ABOUT THIS TASK: This exercise calls for the data below to be retyped exactly, minus any images.

═══ INPUT DATA

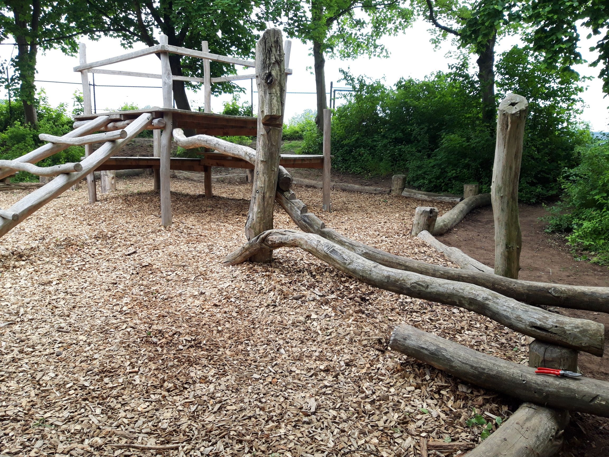 Bei so intensiver Nutzung bleibt es nicht aus, dass Müll liegen bleibt. Auch Wildkräuter sind zwischen den Naturmaterialien nicht chancenlos und erobern sich einige Bereiche zurück.
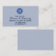 Cartes de réception de mariage modernes et élégantes avec un mandala découpé en papier bleu et blanc sur fond bleu-gris avec texte bleu foncé.
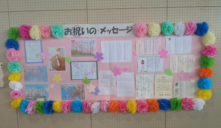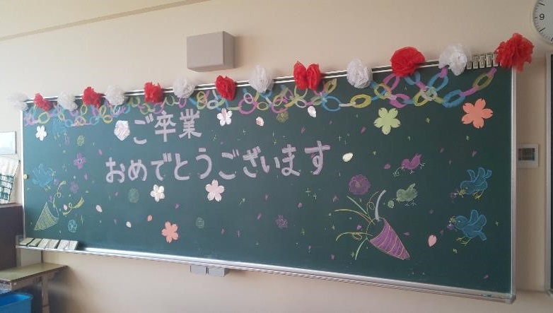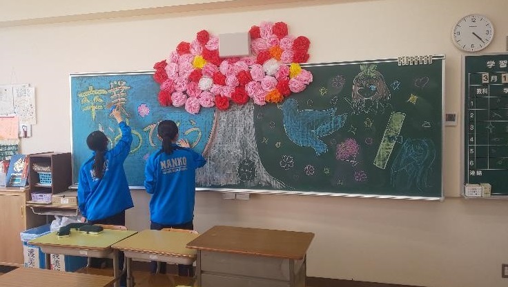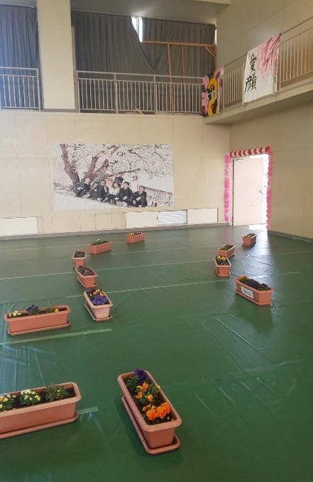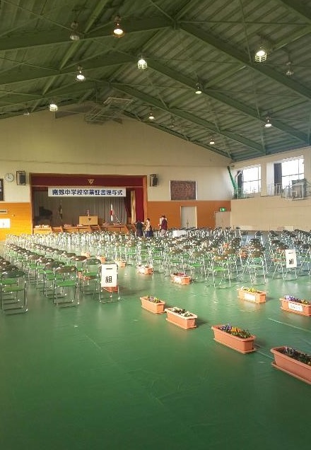 10日の午後から、全校で卒業式の準備をしました。1,2年生は、代表者しか式には出られない分まで、卒業生への思いを込めて清掃や飾りつけ、式場準備をしました。あとは本番を待つばかりです!!

══════

WRITTEN ANSWER:
 Bei so intensiver Nutzung bleibt es nicht aus, dass Müll liegen bleibt. Auch Wildkräuter sind zwischen den Naturmaterialien nicht chancenlos und erobern sich einige Bereiche zurück.
 Cartes de réception de mariage modernes et élégantes avec un mandala découpé en papier bleu et blanc sur fond bleu-gris avec texte bleu foncé.
 10日の午後から、全校で卒業式の準備をしました。1,2年生は、代表者しか式には出られない分まで、卒業生への思いを込めて清掃や飾りつけ、式場準備をしました。あとは本番を待つばかりです!!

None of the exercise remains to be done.